Intel shares fall after company reveals $7 billion operating loss in foundry business

U.S. President Joe Biden visits the Intel Ocotillo campus, Chandler, Arizona, United States, March 20, 2024.

Kevin Lamarque | Reuters

Intel Shares fell as much as 4% at one point during extended trading Tuesday after the company revealed long-awaited financial results from its semiconductor manufacturing business, often called the foundry business, in a filing with the SEC.

Intel said its foundry business posted an operating loss of $7 billion in 2023 on revenue of $18.9 billion. That’s a bigger loss than the $5.2 billion Intel reported for its foundry business in 2022 on revenue of $25.7 billion.

This is the first time that Intel has revealed the revenue generated by its foundry business. Historically, Intel has both designed its own chips, done its own manufacturing, and reported its final chip sales to investors. Other U.S. semiconductor companies such as Nvidia and AMD design their chips but send them to Asian foundries – often Taiwan’s TSMC – for manufacturing.
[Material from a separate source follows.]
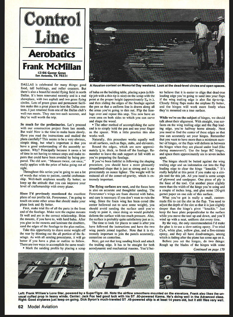 DALLAS celebrated things good food tall buildings roller coasters theres also beautiful model flying field north Dallas Its renovated recently real showplace two asphalt two grass flying circles Lots green grass permanent facili ties make great place host Dallas con tests just returned Dallas clubs well-run meets run two summer theyre well worth trip So much preliminaries Lets proceed construction project last month wait Now time make haste slowly Have read instructions studied plans carefully seems very obvious simple thing whats important have good understanding assembly se quence Principally because saves lot time having retrace steps make re pairs could have avoided being pre pared old saw Measure twice cut once really applies price balsa going Out sight Throughout series youre going see lot words relate patient careful craftsman ship Well-built airplanes usually fly better keep up attitude can improve level craftsmanship plane Since Id previously mentioned excellent plans profile kit Forerunner Im going touch some other areas should make plane look fly better First make trial fits parts front end fuselage Make sure engine mounts fit well correct relationship Shim mounts have hard balsa After glue mounts laminate doublers sand edges fuselage plan outline Take opportunity shave some weight off rear thinning out aft portion fu selage As sanding procedures will go better have plan outline follow two ways accomplish same result Mark sanding profile placing scrap balsa building table placing pen felttip job thin tip nice scrap point proper height approximately /I6 sliding edges fuselage against pen uniform line drawn along areas youre going thin Out Flip fuse lage over repeat step now have area both sides can carve shape wood other method accomplishing same end simply hold pen use finger spacer little practice also works well Naturally procedure works equally well surfaces such flaps stabs elevators Round edges now approxi mately % thick finish off fuselage Re member leave stab support full width youre preparing fuselage youve faithful following shaping procedure should have pleasantly streamlined shape just strong ap proximately ounce lighter weight will reduced aft center-of-gravity ex tremely important flying surfaces next focus also accurate thoughtful sanding Forerunners wings foam sheeted balsa care necessary dont want ruin wing Since foam wing has cored center hollowed Out save some weight should avoid sanding surface until youre ready paint since doing would probably deform surface too much pressure Also surface probably quite satisfactory just time look places sand after have followed instructions have two wing panels joined together Note ex tremely important join panels accurately centerline centerline Next get out long sanding block attack trailing edge has straight both aerodynamic mechanical reasons Youd better believe easier align dead-true leading edge youre going sand flaps wing trailing edge also flat tip-to-tip Closely fitting flaps make alrplane fly better hinges will work freely theyre mounted true surface subject hinges should talk about alignment straight true sur faces wing trailing edge flap lead ing edge youre halfway home already Next need find center edges can accurately set hinges Remember want have minimum num ber hinges flaps will deform between hinges placed under load like during maneuvers Use large RC hinges space approximately six seven inches apart hinges should butted against wing trailing edge indentation cut flap leading edge clear hinge knuckle Its really helpful point make up sim ple tool job need some scraps plywood sandpaper piece ply base tool Cut another piece slightly width hinge youre using couple inches long glue some 150-grit garnet paper side surface What youve got really small custommade file cut slot flap need adjust depth slot just slightly deeper hinges pivot knuckle Just keep base plate perpendicular surface move tool up down youll wind up neat uniform slot time way recommendation Id make glue use slow-setting epoxy Ive tried CyA white glue yellow glue five-minute epoxy have disadvantages among failing after plane has some age Before set hinges two things Rough up blades hinges some Continued page 170 62 Model Aviation Confrol Line Aerobatics Frank McMiIIan 12106 Gunter Grove San AntonIo TX 78231 Houston contest Memorial Day weekend Look dead-level circles open spaces Left Frank Williams Lone Star powered SuperTigre 60 Note airflow smoothers mounted elevators Frank also likes un usual cuffed prop heavy winds Center Jack Fox good luck ST 60-powered Karma Hes doing well Advanced class Right Good airplanes just keep going Dick Byrons much-traveled ST 46-powered ship least 14 years old still flies very well flying short-coupled moments ample control surfaces make AT-6 highly re sponsive airplane fly widespaced handle have found need tune down control movements Once test flight over let winds blow True lineage AT-6 good trainer fun fly CL Racing/Ballard Continued page 61 1990 Tucson AZ Events interest us Rac ers Class II Mouse Race Limited Sport Rac ing Texas Quickie Rat Im including photos some winners respective events Annual Rebel Rally recently attended 30th annual Rebel Rally Control Line contest held Jacksonville FL contest held over weekend Most CL events flown including Florida Slow Rat Mouse Race Texas Quickie Lil Wizard Slow Rat kids contest numerous entries some participants young six years fine Junior pilots Russell Whitney am enclosing photo him flying Florida Slow Rat Another photo shows Lickety Split Slow Rat flown Charles Barnes Sr Ft Lauderdale FL uses K&B 58cc engine Look closely photo youll see engine mounted large aluminum plate mini mizes engine vibration steadies fuel flow engine Charles uses swing-weight carbu retor chokes engine ground opens up full bore air Dick Lambert practicing Scale Racers found hot humid air quite similar what expect find forthcoming AMA Nats Illinois found Scale Race engines must turn 27000 rp

Intel proposed to investors, under CEO Patrick Gelsinger, a plan in which it would continue to make its own processors but also create an external foundry business to make chips for other companies. Intel’s role as one of the only U.S. companies manufacturing cutting-edge semiconductors on American soil is a key reason it has secured nearly $20 billion in funding under the CHIPS Act last month.

Much of Intel’s foundry revenue currently comes from its own operations, Intel said Tuesday. Intel also reformulated its product divisions to report costs as if they were a so-called “fabless” company that had to count the foundry as a cost.

Intel said its new Products division, which mainly includes processors for PCs and servers, reported operating profit of $11.3 billion on revenue of $47.7 in 2023.

Intel said Tuesday that it expects losses at its foundry to peak in 2024 and eventually break even “halfway” between this quarter and the end of 2030. Intel has previously said that Microsoft would use its foundry services and would have $15 billion in smelter revenue already reserved.

“Intel Foundry is going to drive significant earnings growth for Intel over time. 2024 is the trough for foundry operating losses,” Gelsinger said on a call with investors Tuesday.

Intel said in a promotional video that much of the lack of profitability in its foundry business was due to the “weight of past decisions,” and Gelsinger separately cited the company’s “slow” adoption of a technology called EUV, which is used to make the most advanced chips.